1. Секунд тридцать послушал одного так называемого советского барда, Евгения Исааковича Клячкина. Имя значимое и говорящее, но всё же не как у мастера хоккея с мячом свердловчанина Николая Дуракова. Николай Александрович так и не сменил фамилию за всю свою долгую жизнь. Клячкин... Дураков... Это, конечно, чуточку лучше имени Иуды Искариота или Адольфа Гитлера, но тоже не сахар. И на смену имени должны иметься резоны, резоны должны быть осознаны, а у Клячкина и Дуракова на это, видимо, не было ни времени, ни, главное, ума. Менять фамилию? Зачем? Ведь так род Клячкиных и Дураковых прервётся!
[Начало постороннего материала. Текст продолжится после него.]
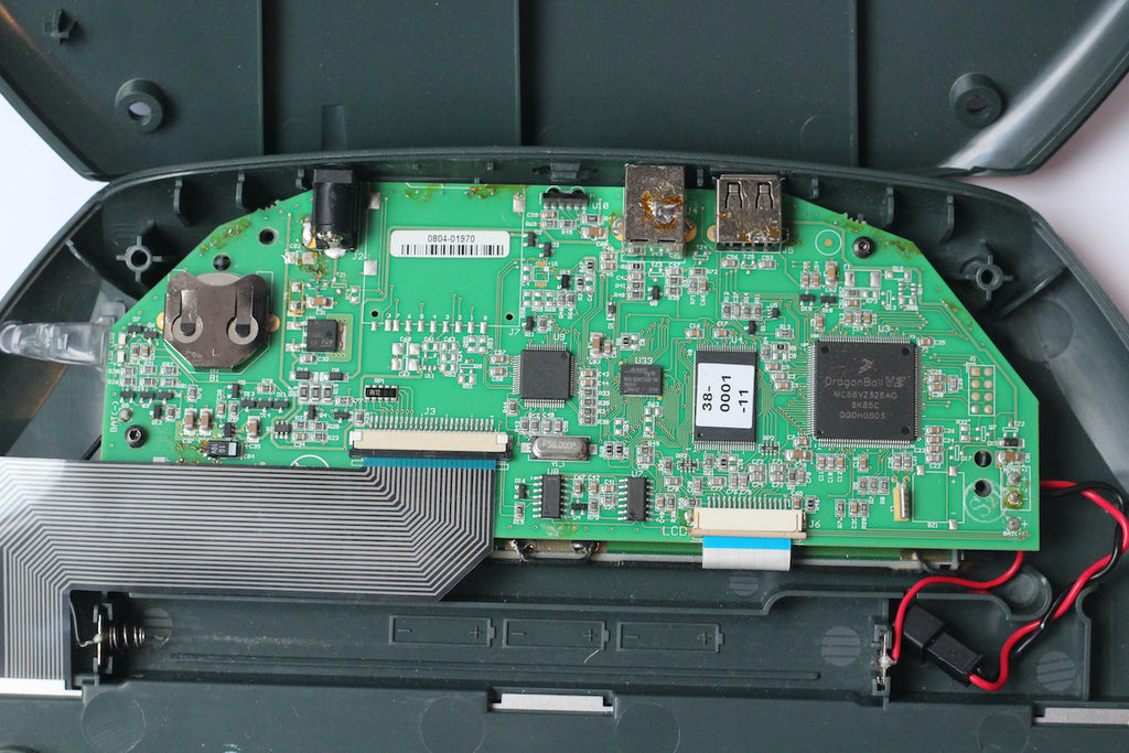 But this model is BROKEN and is being sold for parts. I'm not sure what's wrong with it -- I've used the screen by itself on a different Neo and the screen works on that different Neo, so there's something going on with this model's main circuit board or the way the batteries connect to the thing. As you can see in the photos, there's some discoloration from soldering at different points around the circuit board. If I remember right, when I first got this machine, it had some random wiring soldered around its edges. I called the Alphasmart people at the time and they said that that kind of wiring was not standard and shouldn't be there. I don't remember, but apparently I removed it. I don't remember if the machine ever worked, so I don't know if that wiring was some kind of repair job or not.

И настанет ай-яй-яй!
2. Так вот, у этого Исааковича голоса нет совсем, слуха тоже, гитара расстроена и периодически струны резонируют. Периодически потому, что он не слышит огрехов и с упорством, достойным лучшей судьбы, повторяет их. Или считает их нормальным звукоизвлечением. Что-то вроде другого исааковича — Александра Моисеевича Городницкого. Поэзия этой какафонизирующей тусовки — тоже «так называемая». Тому залогом примитивность содержания и простенькие мысли, если мысли вообще в ней присутствуют. А наличие мысли, идеи в поэзии обязательно. Без них встают и нависают тяжёлые, обескураживающие поэта, вопросы: «Ты что сказать-то хотел? Вот сейчас, когда ты всё это пропел, не объяснишь на словах? Ах, «просто»? «Настроение такое»? Ну-ну...»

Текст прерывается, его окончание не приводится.